The Turkish government has cut off the funding for Faylaq al-Rahman terrorist group because they have refused to go to Libya, and encouraged other terrorist groups to fight them in Syria.

In December 2019, a meeting was held between military intelligence officers of the Turkish Army, and Libyan officials of the Sarraj regime.  A deal was reached whereby Turkey would send Syrian terrorists from northern Syria to Libya and would train and pay them to fight on the side of the Sarraj-backed militia. Following the deal, Turkey asked the terrorist groups in Syria to get ready to send fighters to Libya, and the first group that was sent was a group of 60 fighters.
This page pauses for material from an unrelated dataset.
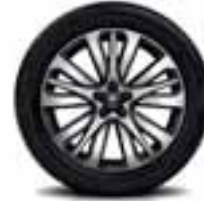
Aluminijumski naplatci INITIALE PARIS 19"

Turkey has also sent Syrian teenagers to Libya and trained them to fight on the battlefields there. The Syrian terrorists sent to Libya have complained that Turkey has not fulfilled their promises to them in terms of paychecks and support there. Reports coming out of Libya say that President Erdogan is sending Al Qaeda and ISIS terrorists from Syria and Iraq to Libya, and the Sarraj-backed militia is being commanded by Turkish Army officers.

From the outset of the US-NATO attack on Syria, for regime-change, Turkey has been a key player. Erdogan has re-invented himself as the “Sultan” of the Muslim Brotherhood, a global political group following Radical Islam, which is neither a religion nor a sect.  Erdogan has sent terrorists to Syria, and Libya, going as far as importing Chinese Uyghur terrorists to Idlib and sending his officers to Libyan prisons to make deals for the release of Al Qaeda and ISIS fighters on the promise of fighting for the Sarraj-backed militia.

The two sides on the battlefield in Libya

Field Marshal Khalifa Haftar’s forces launched an attack on Tripoli on April 4, 2019, against terrorists following the political ideology of Radical Islam, who was in the employ of the Sarraj regime. Haftar was officially appointed as commander of the Libyan National Army (LNA) by the Libyan parliament based in eastern Libya. 

On January 4, the Libyan Parliament cut relations with Turkey, annulled the Libya -Turkish security and military agreement, which had been made between Sarraj and Erdogan.  The Parliament urged the international community to reject the Sarraj regime as illegitimate while accusing Sarraj, Mohamed Siala, and Fathi Bashagha of acts of high treason.

 Sarraj had signed two separate Memorandums of Understanding with Erdogan on November 27, 2019. The first was on military cooperation and the second was on the maritime boundaries in the Eastern Mediterranean, which would allow Turkey the right to drill for oil and gas in the Eastern Mediterranean. 

In February, the Sarraj regime asked Erdogan to send troops to fight against Haftar.  Erdogan would not put his citizens at risk, so it was devised to use the expendable terrorists available in Syria, which were turned into Turkish-backed terrorists. The Whitehouse had reported that Trump warned Erdogan in a phone call against foreign interference in Libya, which appears to have been disregarded.  The US State Department stated that Sarraj was using Syrian and Turkish mercenaries.